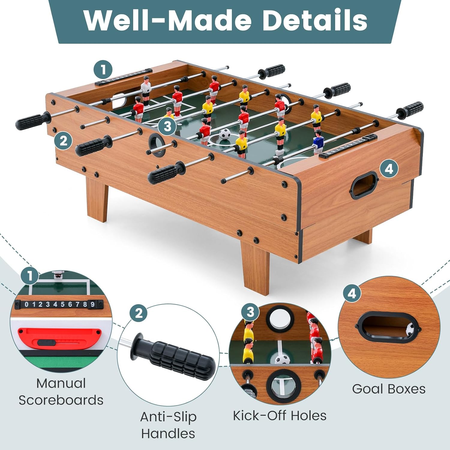 Description:Enjoy endless fun with this 4-in-1 multi game table set.Featuring foosball, billiard, table tennis, and hockey games, this game table provides various fun for all ages. The stackable tabletop design allows for easy transitions between games, saving space and time. With manual scoreboards, kick-off holes, smooth metal rods, and anti-slip handles, you will experience smooth gameplay and precise control. This compact table is versatile for tabletop or floor play, making it perfect for various settings. Complete with all accessories needed for each game, this multi game table set is ideal for home, game room, office, dorm, parties, and more. Features:Foosball, billiard, ping pong, and hockey games in one tableStackable design for saving spaceEasy to switch between different gamesConvenient game monitoring with the manual scoreboardsCrafted with well-made details for durability Comes with complete accessories for each gamePlay on the table or on the floorSuitable for kids, teenagers, and adultsBrings endless fun to your family nights or friends gatheringsSpecifications:Color: NaturalMaterial: MDF + PP + MetalOverall Dimension: 32" x 17" x 12" (L x W x H) Net Weight: 21 lbsPackage Includes:1 x Combo Game Table Set1 x User Guide
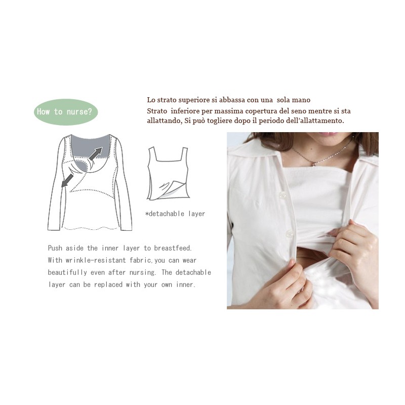 Per l' allattamento, la camicia ha una speciale apertura nascosta; è facile sollevare lo strato esterno per la poppata, mentre lo strato interno vi assicura la massima discrezione anche quando dovete allattare in un luogo pubblico.
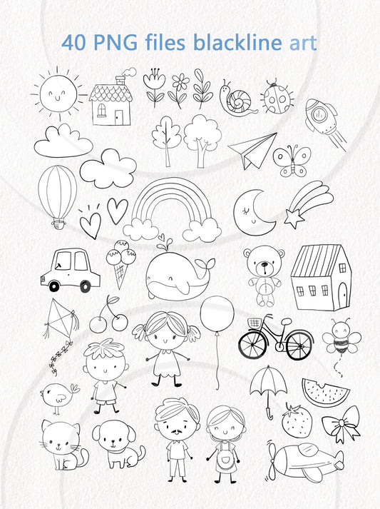 Doodle kids hand drawn ,blackline art , digital stamp ,instant download PNG file - 300 dpi
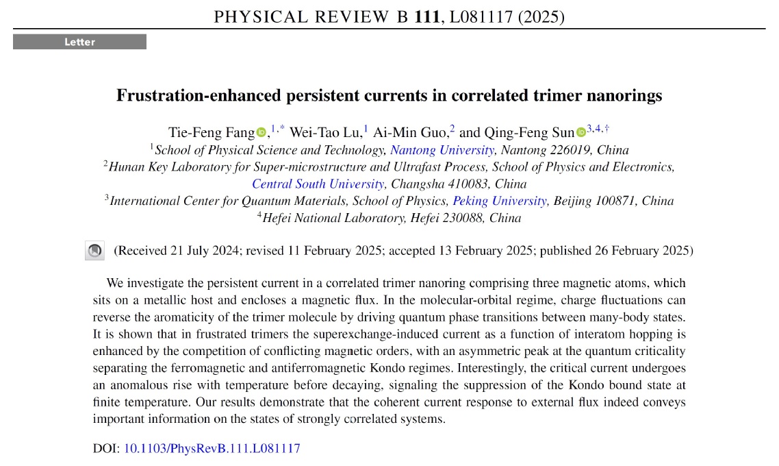 近期,房铁峰教授团队与合作者在分子纳米环的持续电流研究方面取得进展,相关成果以“Frustration-enhanced persistent currents in correlated trimer nanorings”为题目,以快报(Letter)形式发表在《Physical Review B》上。
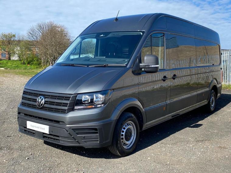 Crafter 3.5 tonne high roof long wheel base 140ps Commerce Plus 2.0tdi in indium grey with 12574 miles on the clock. This vehicle is prepped and serviced for immediate delivery, extra's include: Heated wing mirrors, rear view camera, front & rear parking sensors, alarm, air con, cruise control with speed limiter, multi function steering wheel, trip computer, bluetooth, prep for we connect, dab, 10.4" colour touch screen, ply line and many more. A short video presentation of this vehicle is available upon request, call today for more information. *£250 + vat maximum charge for delivery anywhere in England, Scotland & Wales.
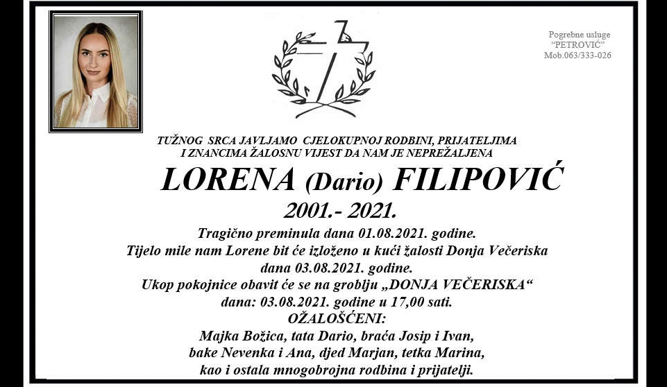 Tijelo mile pokojnice bit će izloženo u kući žalosti u Donjoj Večeriskoj dana 3. kolovoza 2021. Ukop će se obaviti na groblju Donja Večeriska istoga dana u 17:00 sati.
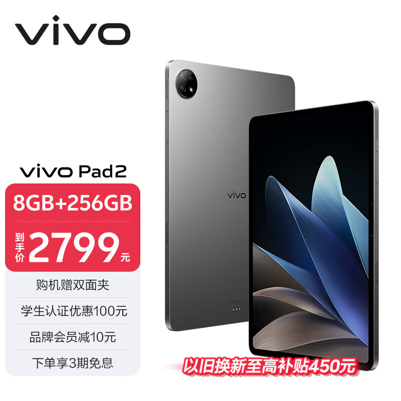 vivo Pad2 12.1英寸平板电脑(天玑9000旗舰芯片 8GB+256GB 144Hz超感原色屏 10000mAh电池)远山灰价格:2799.00元!
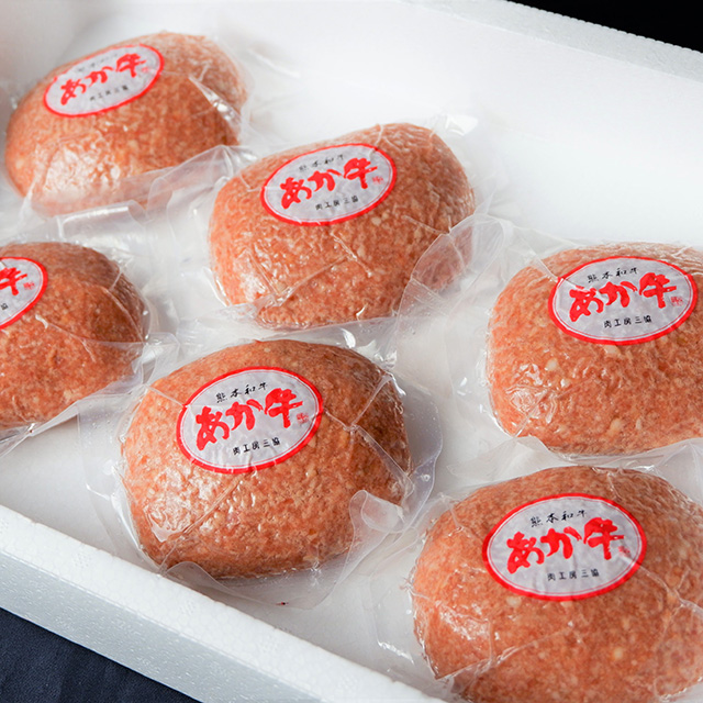 広大な草原やきれいな水、穏やかな気候など、あか牛の飼育に最適な環境が揃っている熊本県は、あか牛の生産量日本一を誇り、全国の生産量の約70%を占めます。 あか牛の三協グループでは、阿蘇市一の宮の広大な牧場で、約1,300頭の甲誠牛を肥育しています。のびのびとストレスのない環境で育った健康的なあか牛は、肉質も極上で豊かなうま味と適度な霜降りを楽しむことができます。
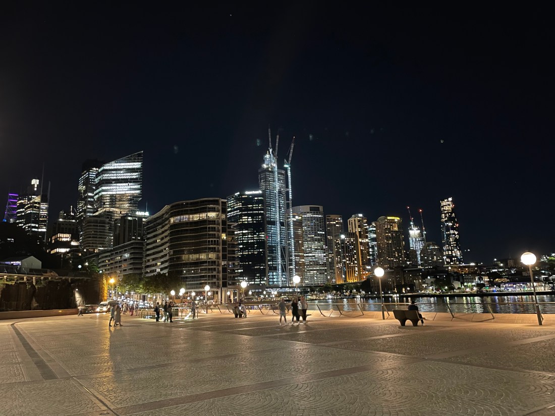 As we walk the foreshore of Sydney Harbour, the Bridge is ignited by a river of cars, its shape reflected in the water. Something like a hundred roller-skaters pass by us as we stroll along. Mutual ropes of people in the night: those metabolised by The Necks; and this other group on the move, their wheels glowing in spinning circles of pink and blue. Laughter, voices. The lit city ahead for all of us.
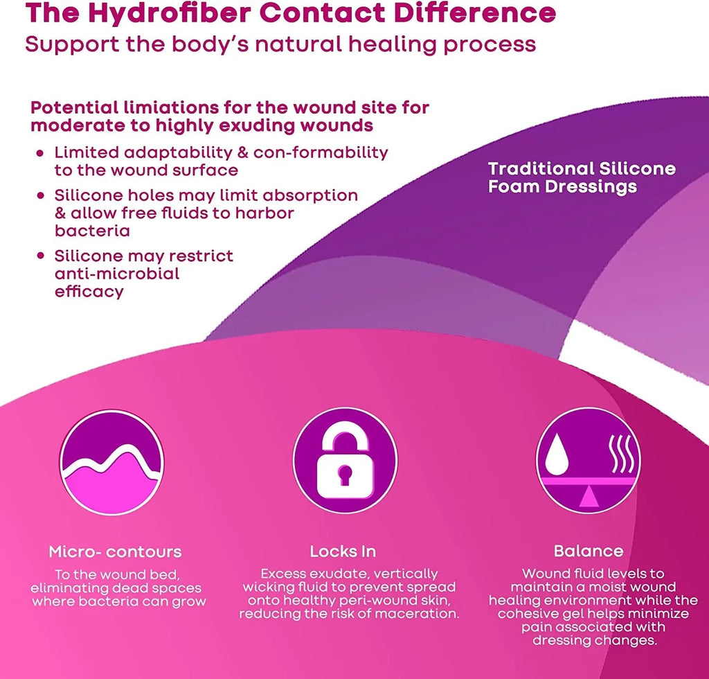 AQUACEL® Foam Hydrofiber® dressing is the simplest and most comfortable solution for your wound care needs. With patented waterproof/bacteria barrier, you can enjoy protection against viral and bacterial infection while also keeping excess moisture under control. A soft absorbent foam pad ensures that your patient remains comfortable while the AQUACEL® interface gels on contact with moisture to maintain a moist healing environment, reducing recovery time and risk of secondary infection. Plus, our gentle silicone adhesive adheres to skin without sticking to the wound bed, making it perfect for even sensitive skin. Get the best in security, comfort, and convenience with AQUACEL® Foam Hydrofiber® Dressing - try it today!
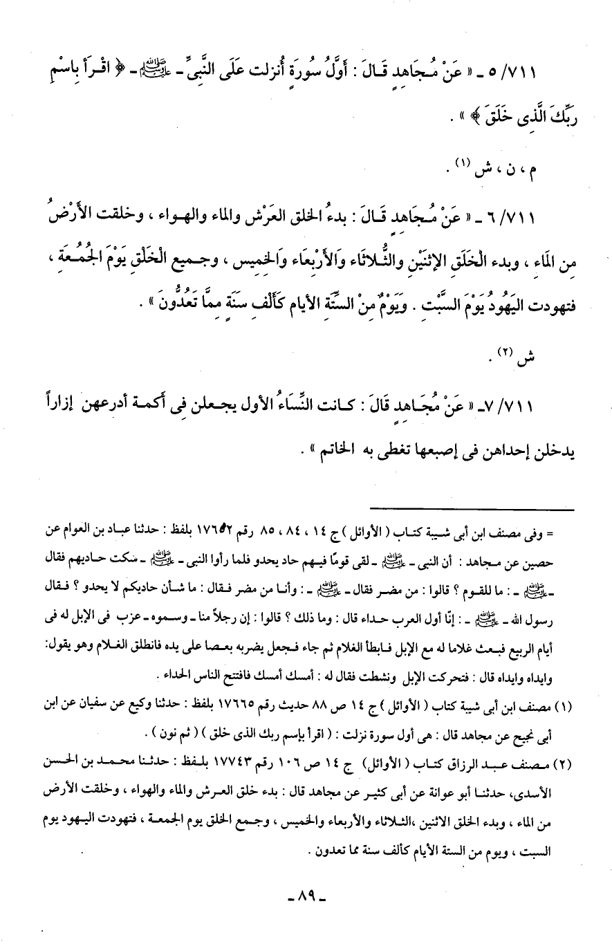 (¬2) مصنف عبد الرزاق كتاب (الأوائل) جـ 14 ص 106 رقم 17743 بلفظ: حدثنا محمد بن الحسن الأسدى، حدثنا أبو عوانة عن أَبى كثير عن مجاهد قال: بدء خلق العرش والماء والهواء، وخلقت الأرض من الماء، وبدء الخلق الاثنين، الثلاثاء والأربعاء والخميس، وجمع الخلق يوم الجمعة، فتهودت اليهود يوم السبت، ويوم من الستة الأيام كألف سنة مما تعدون.
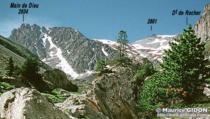![]() Les Rochers des Bancas vus du nord-est, depuis la partie basse du vallon d'Andreveysson. |
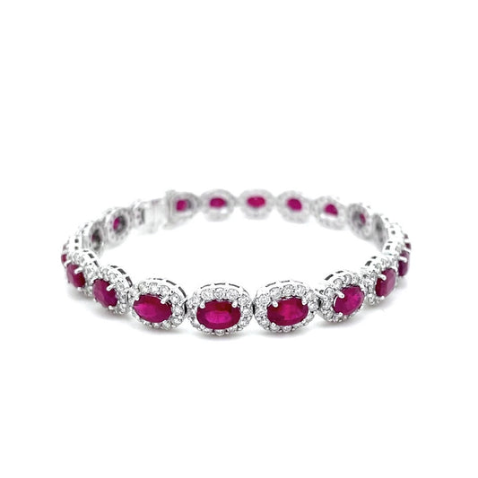 12.61ct Oval Ruby And Diamond Clusters Bracelet
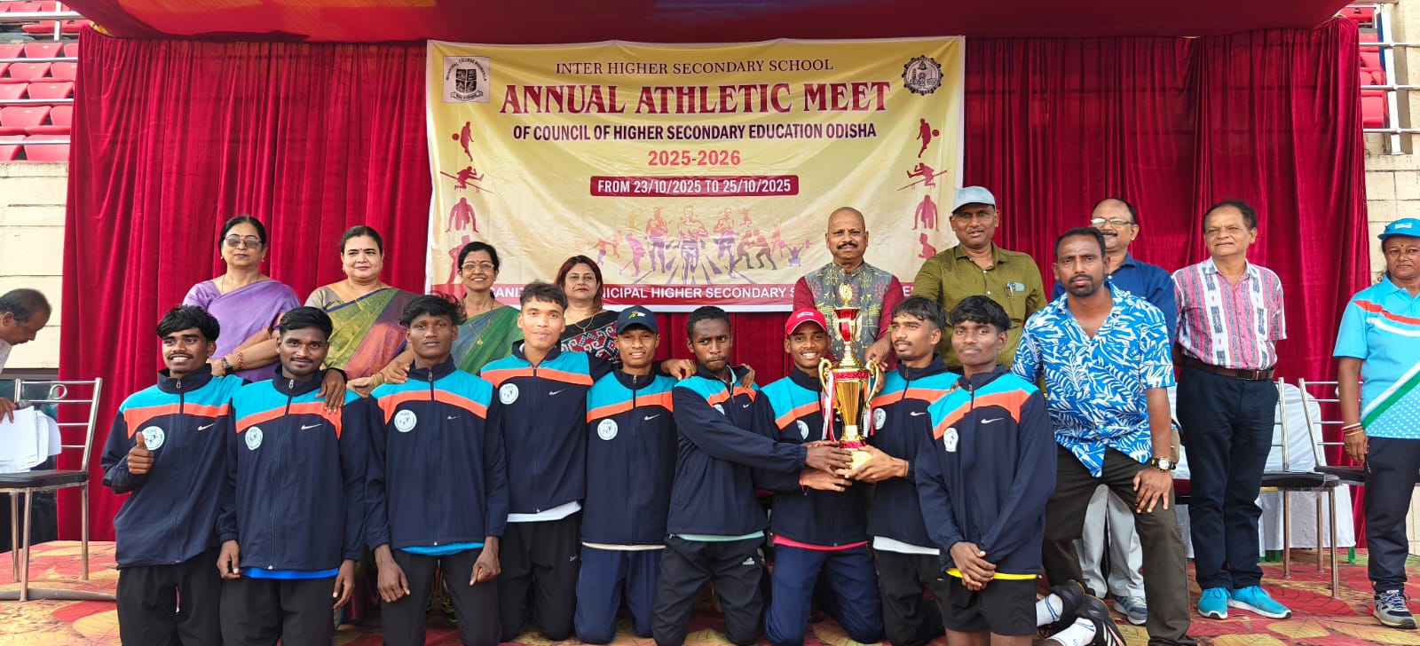 ସେହିଭଳି ଗ୍ରୁପ ଚମ୍ପିୟାନ ବାଳକ ବିଭାଗ ରେ କିସ୍, ଭୁବନେଶ୍ୱର ଏବଂ ଉପବିଜେତା ଭାବେ ଏସଡିଆର୍ଏମ୍ଏନ୍ ସ୍କୁଲ, ସର୍ଗିପାଲ୍ଲୀକୁ ମୁଖ୍ୟ ଅତିଥି ଟ୍ରଫି ପ୍ରଦାନ କରିଥିଲେ l ବାଳିକା ବିଭାଗରେ ଚାମ୍ପିୟନ ହୋଇଥିଲେ ଡିଆର୍ ନୟାପଲ୍ଲୀ, ଭୁବନେଶ୍ୱର ଏବଂ ବାଲିକୁଦା ହାୟର ସେକେଣ୍ଡାରୀ ସ୍କୁଲ୍ ଉପବିଜେତା ଦଳକୁ ଟ୍ରଫି ପ୍ରଦାନ କରାଯାଇଥିଲା l ସମସ୍ତ କାର୍ଯ୍ୟକ୍ରମ ସୁଚାରୁରୂପେ ସମ୍ପନ୍ନ ହୋଇଥିବାରୁ ମ୍ୟୁନିସିପାଲ ହାୟର ସଏକେଣ୍ଡାରୀ ସ୍କୁଲ ର ଅଧକ୍ଷ ହରିହର ଦାଶ ସମସ୍ତଙ୍କୁ ସାଧୁବାଦ ଜଣାଇଥିଲେ l ପରିଶେଷରେ ଲୋକାଲ ଆଡମିନିଷ୍ଟେସନ, ଷ୍ଟାଡିଅମ ଅଧିକାରୀ ଏବଂ ସପୋର୍ଟ ଷ୍ଟାଫ୍ଫ ଙ୍କୁ ମଧ୍ୟ ସାଧୁବାଦ ଜଣାଇଥିଲେ l ତତସହିତ ସମସ୍ତ ଅଫିସିଆଲ, ଏନ୍ସିସି ସ୍ବେଚ୍ଛାସେବୀ, ସୁରଜ ତନ୍ତି ଏବଂ କିରଣ ଏରିକା ଖାଲଖୋ ଙ୍କୁ ମଧ୍ୟ ଧନ୍ୟବାଦ ଅର୍ପଣ କରିଥିଲେ l କଲେଜ ର ସମସ୍ତ ଅଧ୍ୟାପକ, ଅଧ୍ୟାପିକା, କର୍ମଚାରୀ ଯେଉଁ ମାନେ ଏହି ପ୍ରତିଯୋଗିତା ରେ ସାମିଲ ଥିଲେ ସମସ୍ତ ଙ୍କୁ ମଧ୍ୟ ଧନ୍ୟବାଦ ଜଣାଇଥିଲେ l ଶେଷରେ କଲେଜ ର ଦୀପ୍ତି ରଞ୍ଜନ ମହାନ୍ତି ଧନ୍ୟବାଦ ପ୍ରସ୍ତାବ ରଖିଲା ପରେ ପରିଷଦ ର ଅଦକ୍ଷ ବାର୍ଷିକ କ୍ରୀଡ଼ା ପ୍ରତିଯୋଗିତା କୁ ଉଦଯାପିତ ଘୋଷଣା କରିପରିଷଦ ର ପତାକା କୁ କଲେଜ ର ଅଦକ୍ଷ ଙ୍କୁ ପ୍ରଦାନ କରିଥିଲେ l
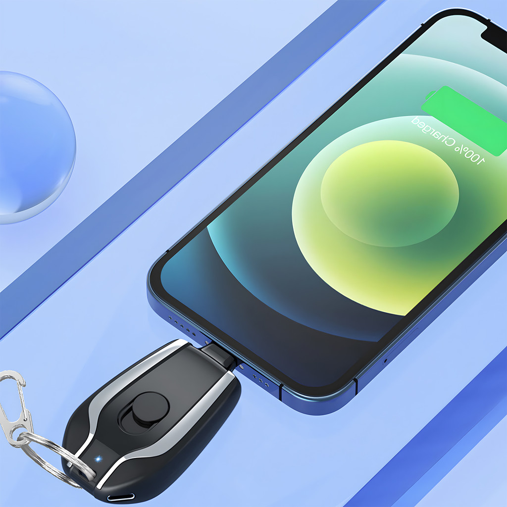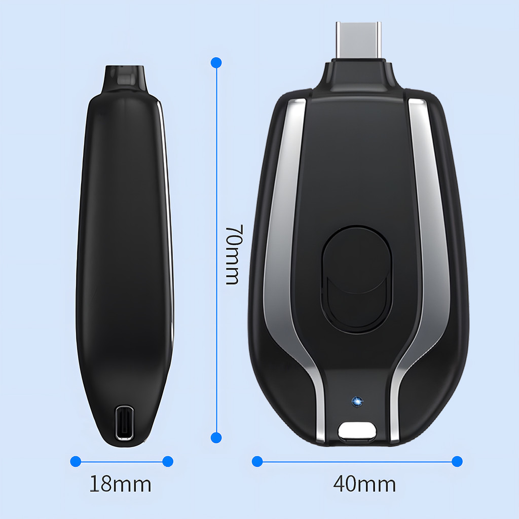 KIT 2 Carregador de Chaveiro Portátil 1500mAh | Mini Bateria Ultra-Compacta com Carregamento Rápido TIPO-C
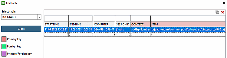 After calling PARTlinkManager and opening the Extras menu -> Database -> Edit additional tables and selecting LOCKTABLE, locked project rows are displayed.
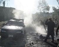 Local television showed a huge plume of smoke rising from a small town in the mountains, while charred cars smoldered beside the blast site.
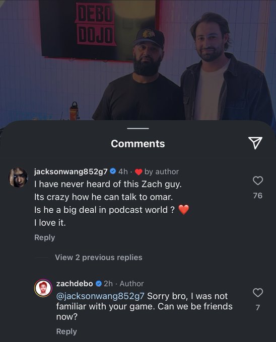 Jackson took it a step further and amped up the hilariousness. Fans found that he had “pettily” commented in a copy-pasta style on one of Zach’s podcasts, exchanging his name for Zach’s.
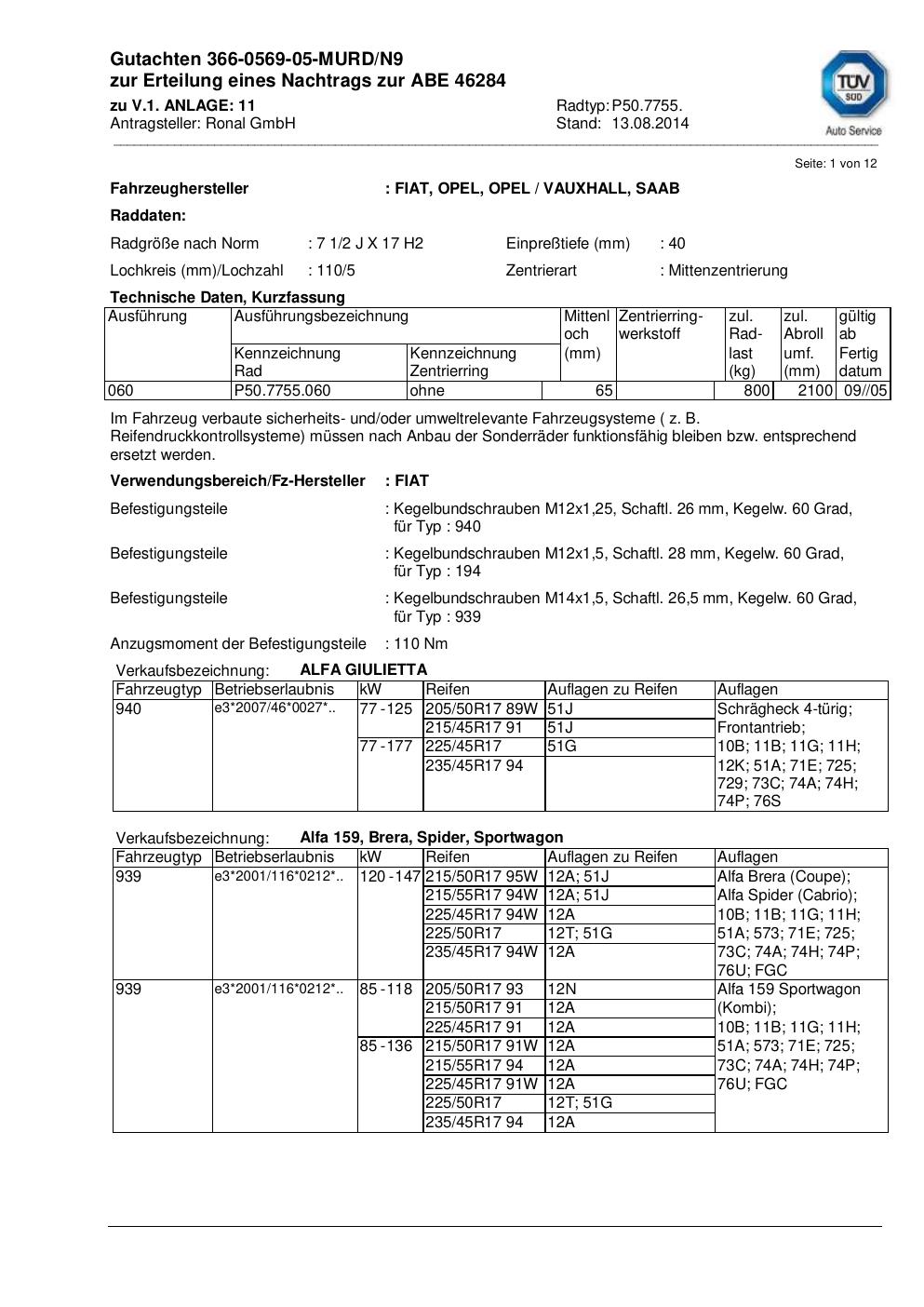 • Stimmt die KBA-Nummer auf der Felge mit diesem Dokument überein?

How to complete this task -> Both the line containing "Doodle kids hand" and the line containing "persistent currents in" above belong in the output, as do the lines between them. Print them exactly, without pictures.

Your response ->
 Doodle kids hand drawn ,blackline art , digital stamp ,instant download PNG file - 300 dpi
 近期,房铁峰教授团队与合作者在分子纳米环的持续电流研究方面取得进展,相关成果以“Frustration-enhanced persistent currents in correlated trimer nanorings”为题目,以快报(Letter)形式发表在《Physical Review B》上。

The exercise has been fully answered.